### Dataset records
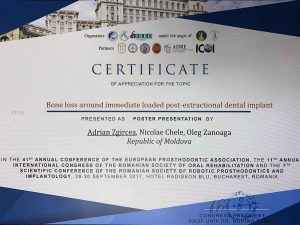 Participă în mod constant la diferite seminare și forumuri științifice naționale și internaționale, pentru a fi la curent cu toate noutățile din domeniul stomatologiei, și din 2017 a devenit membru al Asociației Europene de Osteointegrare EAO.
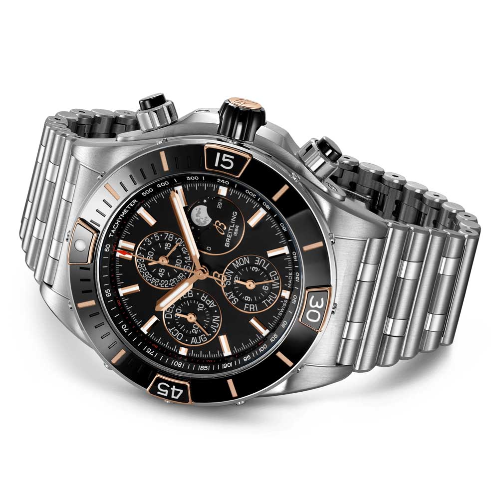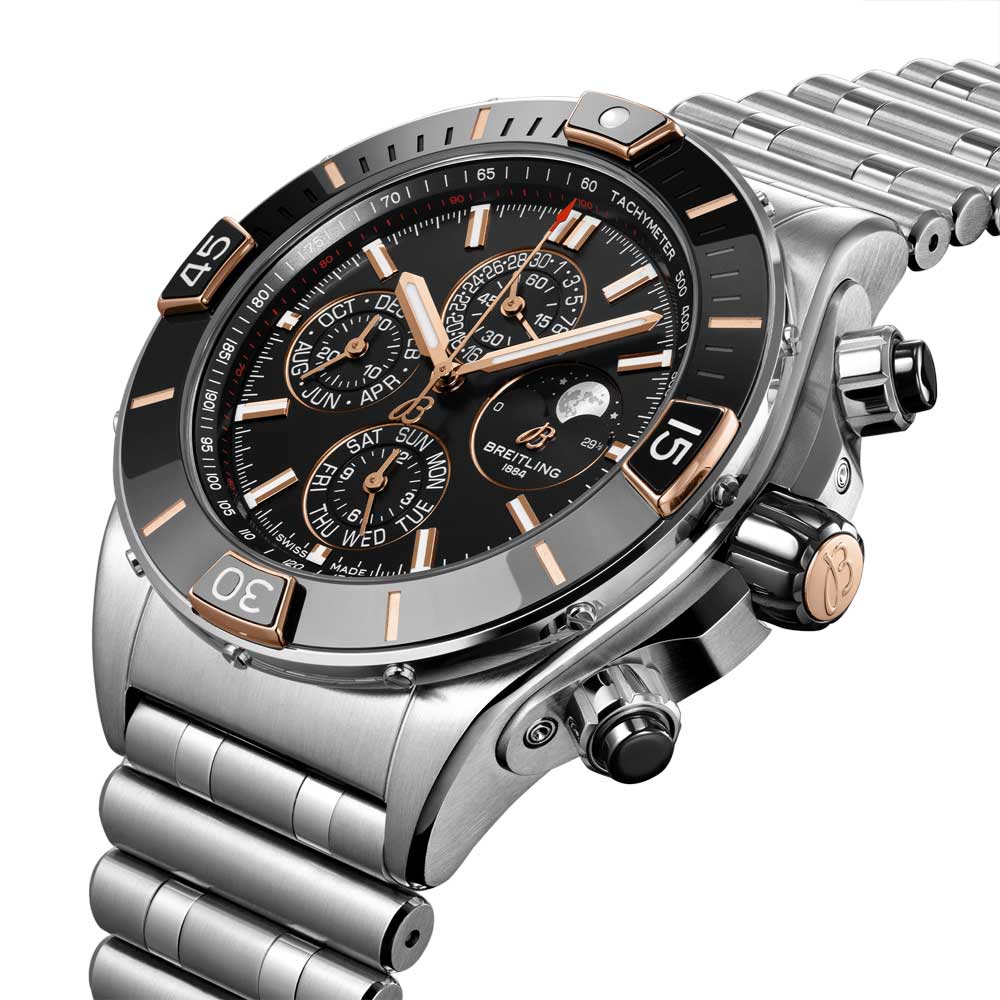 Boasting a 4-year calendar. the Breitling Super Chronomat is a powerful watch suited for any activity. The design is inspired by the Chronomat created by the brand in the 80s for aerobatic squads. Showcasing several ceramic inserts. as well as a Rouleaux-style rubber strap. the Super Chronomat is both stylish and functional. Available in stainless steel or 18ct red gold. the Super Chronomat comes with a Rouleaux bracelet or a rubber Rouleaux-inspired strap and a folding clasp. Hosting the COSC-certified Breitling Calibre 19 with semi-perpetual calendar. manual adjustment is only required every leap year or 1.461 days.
--
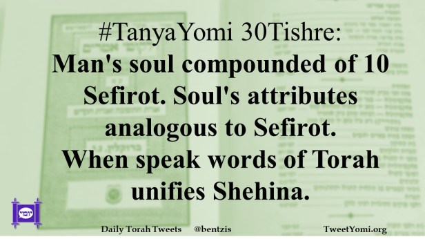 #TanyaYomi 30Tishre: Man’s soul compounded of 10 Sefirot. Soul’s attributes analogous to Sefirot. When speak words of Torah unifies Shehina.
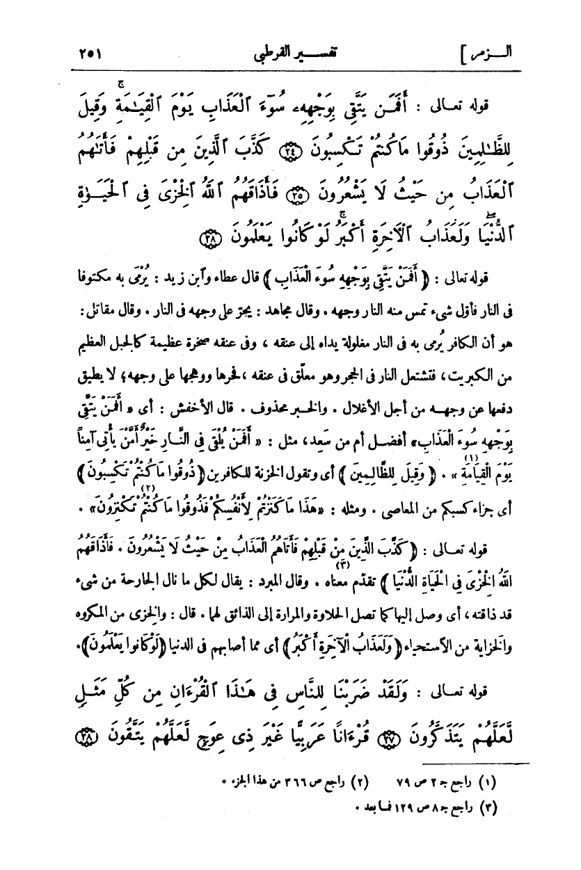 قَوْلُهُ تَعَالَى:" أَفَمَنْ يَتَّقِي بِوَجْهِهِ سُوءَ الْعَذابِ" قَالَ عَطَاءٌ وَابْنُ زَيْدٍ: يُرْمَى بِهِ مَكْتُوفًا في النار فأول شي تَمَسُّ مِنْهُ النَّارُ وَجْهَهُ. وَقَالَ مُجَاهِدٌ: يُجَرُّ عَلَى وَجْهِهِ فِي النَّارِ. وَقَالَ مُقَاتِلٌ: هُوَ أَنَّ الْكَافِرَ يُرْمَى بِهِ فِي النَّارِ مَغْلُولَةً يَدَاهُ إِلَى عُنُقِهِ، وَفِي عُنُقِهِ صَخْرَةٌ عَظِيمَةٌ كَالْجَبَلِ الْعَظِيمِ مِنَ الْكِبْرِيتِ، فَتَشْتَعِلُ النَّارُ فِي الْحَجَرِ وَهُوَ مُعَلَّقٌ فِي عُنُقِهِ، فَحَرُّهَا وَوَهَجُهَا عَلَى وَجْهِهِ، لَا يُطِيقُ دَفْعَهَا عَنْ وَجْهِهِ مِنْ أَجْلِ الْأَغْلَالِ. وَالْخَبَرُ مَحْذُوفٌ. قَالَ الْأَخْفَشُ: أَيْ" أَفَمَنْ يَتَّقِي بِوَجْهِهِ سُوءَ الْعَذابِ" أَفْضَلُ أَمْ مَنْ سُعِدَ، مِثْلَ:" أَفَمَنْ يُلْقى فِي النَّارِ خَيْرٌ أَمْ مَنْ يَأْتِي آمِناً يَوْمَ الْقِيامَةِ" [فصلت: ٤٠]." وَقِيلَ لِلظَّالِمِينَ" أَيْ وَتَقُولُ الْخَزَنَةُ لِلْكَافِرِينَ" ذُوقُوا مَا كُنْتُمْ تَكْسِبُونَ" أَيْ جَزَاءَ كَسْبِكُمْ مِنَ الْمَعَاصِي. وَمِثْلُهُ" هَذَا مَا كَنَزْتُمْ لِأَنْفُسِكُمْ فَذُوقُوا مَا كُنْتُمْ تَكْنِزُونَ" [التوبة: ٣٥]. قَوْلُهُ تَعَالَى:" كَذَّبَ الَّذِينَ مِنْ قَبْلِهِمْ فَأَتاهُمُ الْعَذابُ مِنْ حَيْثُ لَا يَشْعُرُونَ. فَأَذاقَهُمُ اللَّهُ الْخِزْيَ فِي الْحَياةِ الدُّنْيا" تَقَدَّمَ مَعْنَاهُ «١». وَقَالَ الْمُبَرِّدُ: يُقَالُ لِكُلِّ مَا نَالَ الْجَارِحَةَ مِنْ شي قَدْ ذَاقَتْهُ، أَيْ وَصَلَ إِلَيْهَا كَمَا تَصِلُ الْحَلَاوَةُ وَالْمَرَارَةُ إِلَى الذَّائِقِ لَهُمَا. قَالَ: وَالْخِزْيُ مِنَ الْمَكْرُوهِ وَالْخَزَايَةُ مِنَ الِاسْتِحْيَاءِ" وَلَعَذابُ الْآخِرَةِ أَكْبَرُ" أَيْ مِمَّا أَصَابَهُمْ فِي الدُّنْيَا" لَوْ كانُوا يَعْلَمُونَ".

### Assignment
Only one part of the listing is wanted: the lines from the one containing "Participă în mod" through the one containing "Boasting a 4-year", both included. Please transcribe it exactly, leaving out the pictures.

### Worked solution
 Participă în mod constant la diferite seminare și forumuri științifice naționale și internaționale, pentru a fi la curent cu toate noutățile din domeniul stomatologiei, și din 2017 a devenit membru al Asociației Europene de Osteointegrare EAO.
 Boasting a 4-year calendar. the Breitling Super Chronomat is a powerful watch suited for any activity. The design is inspired by the Chronomat created by the brand in the 80s for aerobatic squads. Showcasing several ceramic inserts. as well as a Rouleaux-style rubber strap. the Super Chronomat is both stylish and functional. Available in stainless steel or 18ct red gold. the Super Chronomat comes with a Rouleaux bracelet or a rubber Rouleaux-inspired strap and a folding clasp. Hosting the COSC-certified Breitling Calibre 19 with semi-perpetual calendar. manual adjustment is only required every leap year or 1.461 days.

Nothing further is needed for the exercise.